El pasado martes, cuando el calendario católico celebra a Laura Vicuña, patrona de las víctimas de abusos, incestos y de los huérfanos, falleció María Gómez Valbuena, más conocida por «Sor María». Murió el martes, fue enterrada el miércoles y nos enteramos el jueves. La Iglesia, ya se sabe, siempre tan recogida y tan silente, poco amiga de la estridencia. En la tumba de Sor María, como epitafio descriptivo, bien pudiera figurar el de «Toda una vida dedicada a la infancia».
Nada extraño la inclinación hacia los infantes de la difunta.
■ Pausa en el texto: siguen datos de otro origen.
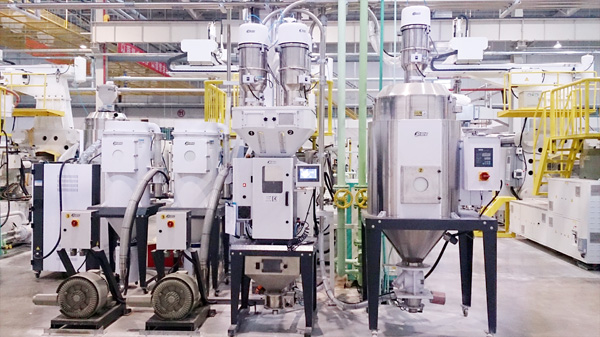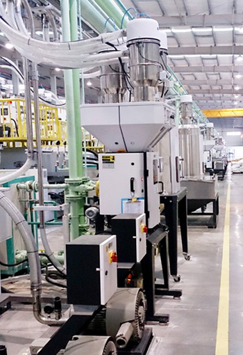 Washing machine workshop divided into areas and adopts central conveying design. It has 7 conveying areas. As material feeding is in desperation state, and machine between in large distance, if only takes the central conveying method, it is not scientific and would waste lots of pipe accessories, which loses the advantages of central conveying. The 7 conveying areas all equipped with gravimetric blenders and need to process the proportional mixing for material and masterbatch, then convey the mixture to the dryer for drying, therefore, it ensures the product’s molding quality. The IMM also equipped with mixer and machine-mount dryer which possess the function as second mixing and drying. It prevents delamination of material and masterbatch, prevents moisture regain that may influence product quality. At the same time, each area equipped with independent air pump for no mutual impact and ensuring system stability.
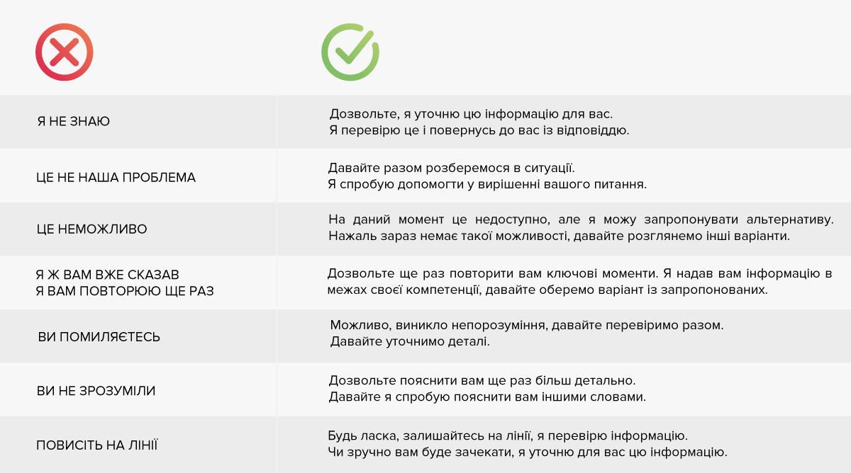 “Я Ж ВАМ ВЖЕ СКАЗАВ / Я ВАМ ПОВТОРЮЮ ЩЕ РАЗ”. Сприймається як роздратування, приниження або звинувачення клієнта.

No en vano era miembro de la Congregación de las Hijas de la Caridad de San Vicente Paúl, orden recientemente galardonada con el Premio Príncipe de Asturias de la Concordia por «su excepcional tarea social y humanitaria en apoyo de los desfavorecidos, desarrollada de manera ejemplar durante casi cuatro siglos, y por su promoción, en todo el mundo de los valores de la justicia, la paz y la solidaridad». Sobre todo la tarea que desarrolló la orden ejerciendo la dirección de centros donde se recluía a jóvenes descarriadas hasta hace bien poco; el control de las galeras femeninas durante el siglo XIX y, desde la victoria militar de Francisco Franco Bahamonde, Caudillo de España por la gracia de Dios, la administración y el control de cárceles de mujeres.
En las prisiones, las Hijas de la Caridad, ejercieron la voluntad del Señor, salvando innumerables niños y niñas de un incierto futuro rescatándolos de los brazos de sus madres biológicas. Madres biológicas, sí, pero de una biología degenerada y pervertida por el gen marxista, como ya denunció el doctor D. Antonio Vallejo-Nájera, primer catedrático español de Psiquiatría, que apostó valientemente por tratar de salvar a los pequeños, sustrayéndolos de sus padres débiles mentales contaminados de la idiocia marxista, para entregarlos a cristianas familias. Merecido premio, para estas religiosas, el del hijo del Borbón.
Sor María es la continuadora de la ardua tarea en la etapa que llaman democrática. Hijos fruto del adulterio e hijas nacidas fuera del matrimonio fueron reconducidos hacia acomodadas familias como Dios manda, pero de estériles úteros, capaces de proporcionar un futuro en paz y concordia. Incluso facilitando, a familias con pocos recursos y bastantes hijos, una salida digna mediante la piadosa mentira de que el fruto de sus entrañas había nacido muerto. Si antaño las religiosas contaron con la inestimable ayuda de algunos doctores, María Gómez Valbuena no iba a ser menos pues siempre habrá doctores que, por unos pocos emolumentos, pongan sus conocimientos científicos en beneficio de las causas nobles, aun en cárceles y comisarías.
La humildad y el silencio caracterizan a la Iglesia católica y a su jerarquía. Nada a dicho, hasta ahora, la Conferencia Episcopal Española de Sor María y sus actividades; quizás sea el momento, en estos tiempos de pérdida de valores, de rescatarla como arquetipo a imitar. De subirla a los altares e introducirla en los nuevos libros de texto de «Valores éticos» de la Contrarreforma de Wert.